これまでの研究で、ヒトの表皮や毛包等には幹細胞が存在し、各々の機能の維持に貢献していることがわかっている。しかし、ヒト汗腺においては、幹細胞の存在を証明するために必要な汗腺細胞の単離方法が確立されていなかったため、汗腺に幹細胞が存在しているかどうかは明らかになっていなかった。

ヒト汗腺は、汗の通り道である汗管と、汗が分泌される分泌腺に分けられ、汗管は汗管管腔細胞と基底層細胞から、分泌腺は管腔細胞と筋上皮細胞からできている。研究グループは今回、汗腺のどの部分に幹細胞が存在するのかを解明するため、ヒト汗腺を構成しているこれらの4つの細胞集団を、別々に純度良く単離する方法について検討。
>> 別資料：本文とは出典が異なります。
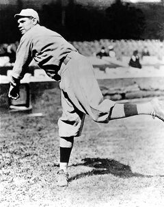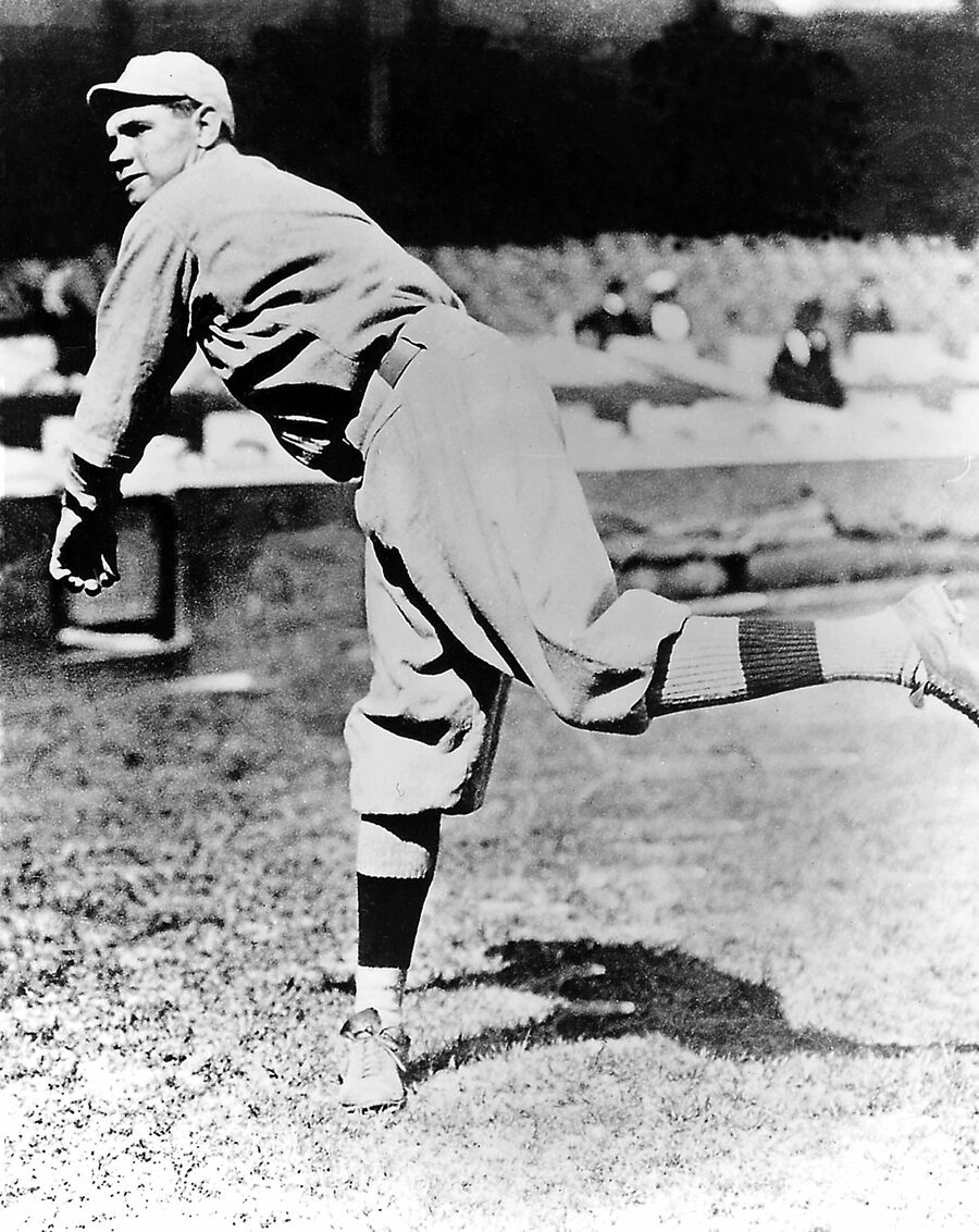 1917年、レッドソックス時代のベーブ・ルースの投球フォーム(写真:アフロ)

この結果、これらの細胞集団を、精度よく標識できるマーカーを特定することに成功した。

また研究グループは、この汗腺細胞の単離方法を利用して、ヒト皮膚組織から単離した汗腺細胞をそれぞれ生体外で培養し、幹細胞の特徴である自己複製能と多分化能を有するかどうかを評価。筋上皮細胞がそれらを有していることを明らかにした。

さらに、筋上皮細胞から形成された細胞塊の断面像を観察したところ、細胞塊の外側では筋上皮細胞のマーカーが、内側では管腔細胞マーカーがそれぞれ陽性の反応となり、細胞塊の外側には筋上皮細胞が、内側には管腔細胞が形成されていることがわかった。これにより、筋上皮細胞から形成された細胞塊は、汗腺様の構造体を形成していることが明らかになったといえる。

研究グループは今後、この汗腺様の構造体を利用して、汗腺の発汗機能の解析を行っていくとしている。